I have been given a CSV file in which the field delimiter is the pipe characted (i.e., |
).
This file has a pre-defined number of fields (say N
). I can discover the value of N
by reading the header of the CSV file, which we can assume to be correct.
Some of the fields contain a newline character by mistake, which makes the line appear shorter than required (i.e., it has M
fields, with M < N
).
What I need to create is a sh
script (not bash
) to fix those lines.
I tried creating the following script to try fixing the file:
if [ $# -ne 1 ]
then
echo "Usage: $0 <filename>"
exit
fi
# get first line
first_line=$(head -n 1 $1)
# get number of fields
num_separators=$(echo "$first_line" | tr -d -c '|' | awk '{print length}')
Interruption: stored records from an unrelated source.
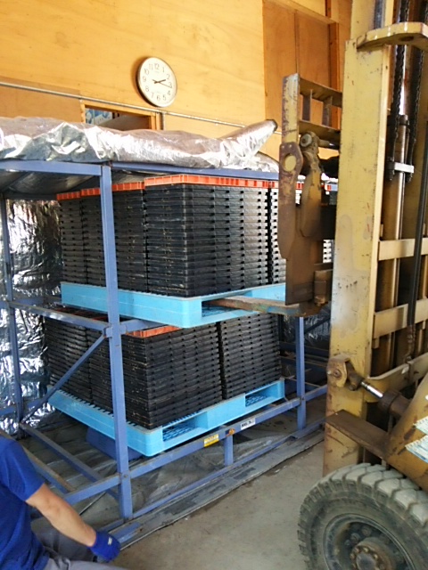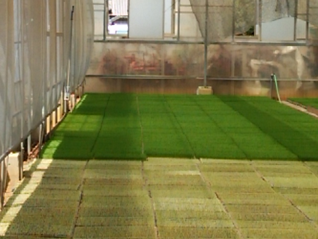 昼休みに芽が出た苗床を見せてくれました。手前が3日前に播いた苗床です。先の苗床はもう芽が3cmほどに伸びて緑色です。仕込んだ苗床は温風室にいれて30度の温度で保存するのだそうです。3昼夜で芽が出てからハウスに移すそうです。午後は残りの8ケース*15段分の種まきを行って作業が完了しました。15:00作業完了。非常に面白かったです。
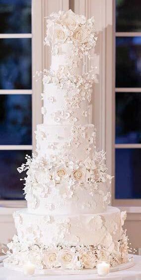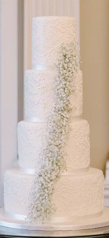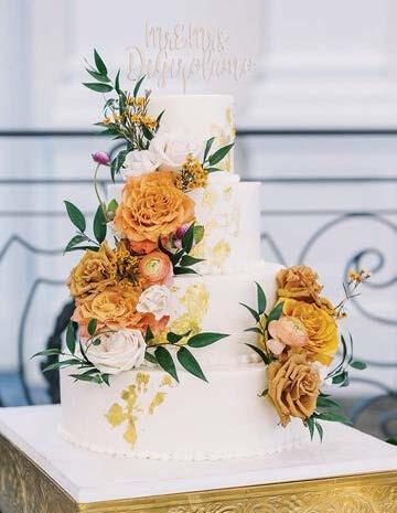 What happens when you marry classic white confections with pops of color and intricate detailing? Wedding cakes that are almost too pretty to eat, of course! While towering tiers of modern minimalism will never go out of style, elaborate embellishments make a statement through sugar flowers, lace-work, brushed metallics and hand painted design work. Regardless of your style, your cake is sure to taste as delicious as they look, especially if you take inspiration from any of these masterpieces.
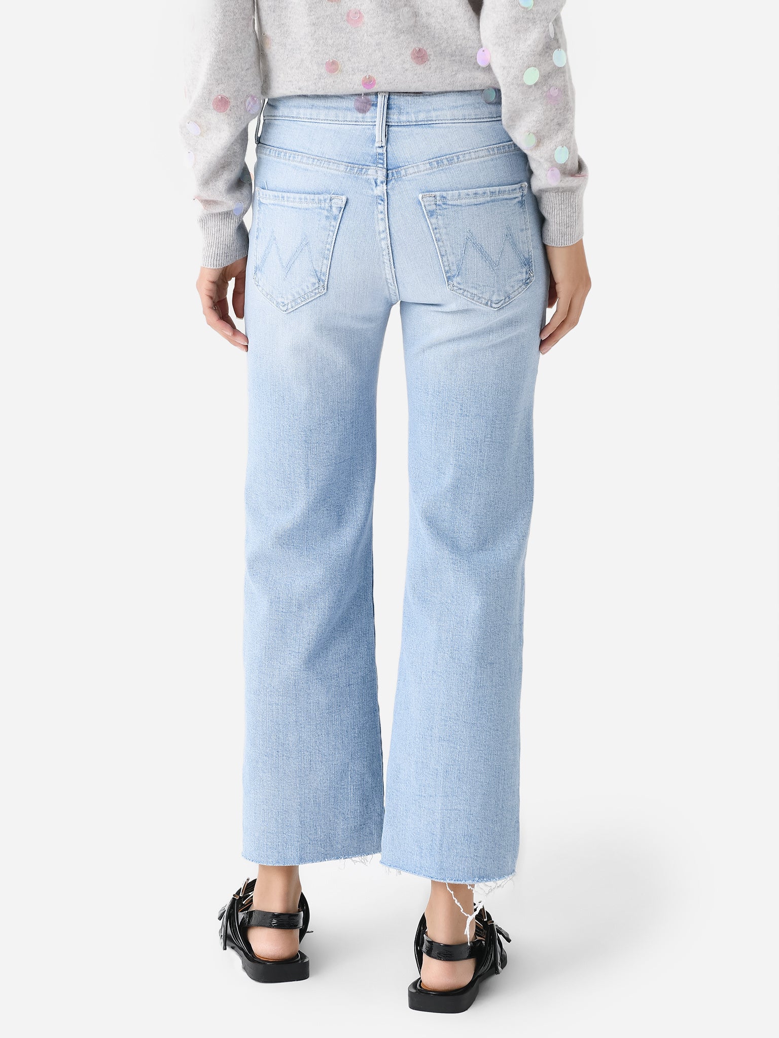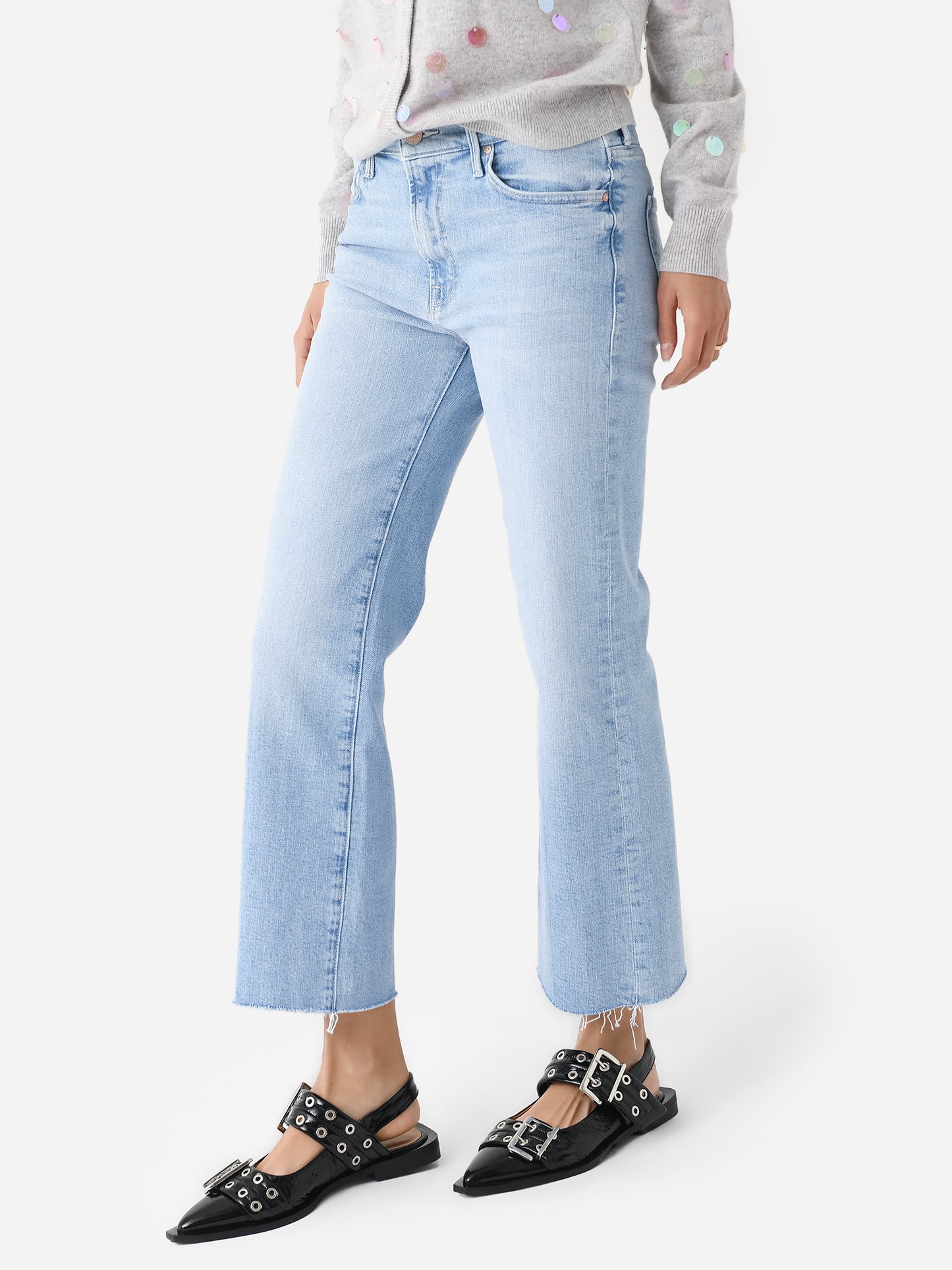 A light wash straight jean featuring a raw edge ankle length inseam.
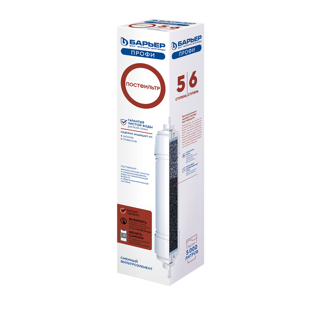 БАРЬЕР ПРОФИ ОСМО ПостФильтр – картридж финишной очистки для систем обратного осмоса БАРЬЕР ПРОФИ Осмо 100, БАРЬЕР ПРОФИ Осмо 100 М, БАРЬЕР ПРОФИ Осмо 100 Boost, ПРОФИ Осмо 100 Boost М. В системах без минерализатора используется в качестве пятой ступени, в комплектации с минерализатором становится шестой ступенью. Картридж устраняет специфические запахи и привкусы, обеспечивает кондиционирование воды после накопительной емкости.

cat $1 | awk -v numFields=$(( num_separators + 1 )) -F '|' '
{
totRecords = NF/numFields
# loop over lines
for (record=0; record < totRecords; record++) {
output = ""
# loop over fields
for (i=0; i<numFields; i++) {
j = (numFields*record)+i+1
# replace newline with question mark
sub("\n", "?", $j)
output = output (i > 0 ? "|" : "") $j
}
print output
}
}
'
However, the newline character is still present. How can I fix that problem?
FIRST_NAME|LAST_NAME|NOTES
John|Smith|This is a field with a
newline
Foo|Bar|Baz
FIRST_NAME|LAST_NAME|NOTES
John|Smith|This is a field with a * newline
Foo|Bar|Baz
* I don't care about the replacement, it could be a space, a question mark, whatever except a newline or a pipe (which would create a new field)
By default, every line ends with \n when creating a file. The `sed` command can easily split on \n and replace the newline with any character. Another delimiter can be used in place of \n, but only when GNU sed is used. When the \n is missing in the last line of the file, GNU sed can avoid printing \n.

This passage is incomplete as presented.